Isomorphism between $ \textbf{Grp}(\mathbb{Z}, G)$ and $G$

Question

I'm learning some category after taking a break from algebra.

Could someone explain to me why, for any Group $G$, the set of morphisms between $\mathbb{Z}$ and $G$ is isomorphic to the group itself, that is,

$$ \textbf{Grp}(\mathbb{Z}, G) \cong G$$

Answer 1

The group $\mathbb{Z} = \langle 1 \mid \;\;\; \rangle$ is the free group with one generator. That means we have a one-to-one correspondence between homomorphisms $\mathbb{Z} \rightarrow G$ and maps $\lbrace 1 \rbrace \rightarrow G$, the latter representing the choices of some element $g \in G$. In other words we get the map $\varphi \colon \textbf{Grp}(\mathbb{Z}, G) \rightarrow G$, $f \mapsto f(1)$ and on the other hand the map $\psi \colon G \rightarrow \textbf{Grp}(\mathbb{Z}, G)$, $g \mapsto (1 \mapsto g)$, which sends some element $g \in G$ to the unique homomorphism defined by the map $1 \mapsto g$ and explicitly given by $a \mapsto g^a$. By construction, we have $\varphi = \psi^{-1}$, which means that $\varphi$ (and of course also $\psi$) are bijections.
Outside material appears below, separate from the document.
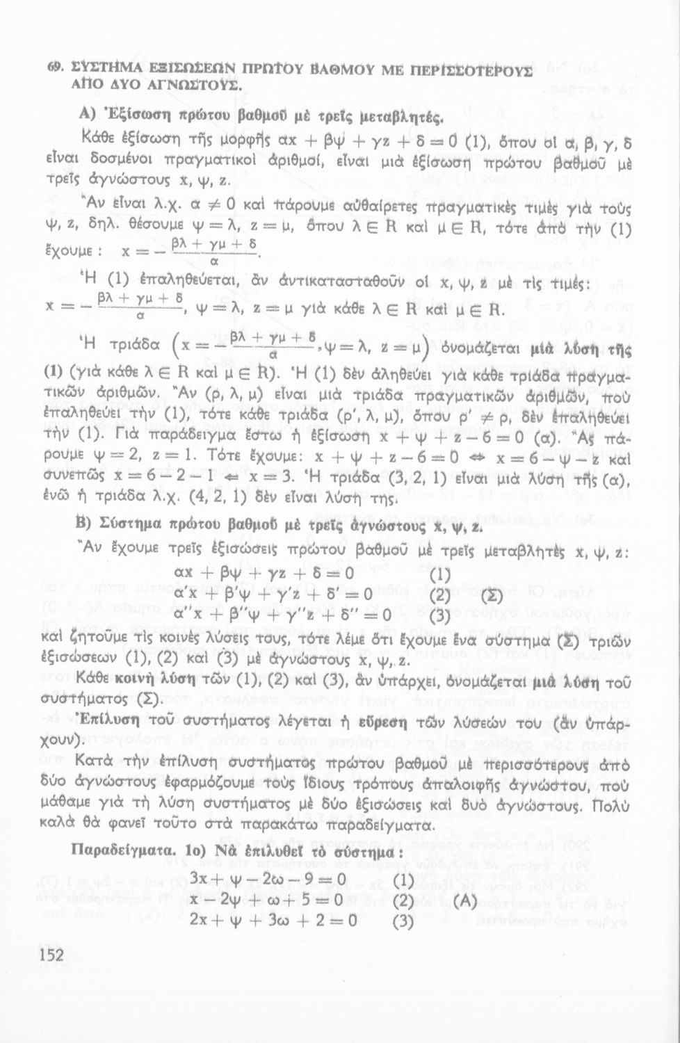 Σχολικό εγχειρίδιο μαθηματικών Γ΄ Γυμνασίου που περιλαμβάνει θεωρία, παραδείγματα και ασκήσεις. Φέρει το σύμβολο της δικτατορίας.

Recall, that the group structure on $\textbf{Grp}(\mathbb{Z}, G)$ is defined as $(f \cdot g)(a) = f(a) \cdot g(a)$, where the latter multiplication is the multiplication of $G$. That way we pass on the group structure of $G$ to $\textbf{Grp}(\mathbb{Z}, G)$. Now you can check that $\varphi$ actually not only is a bijection, but also a homomorphism of groups and thus an isomorphism.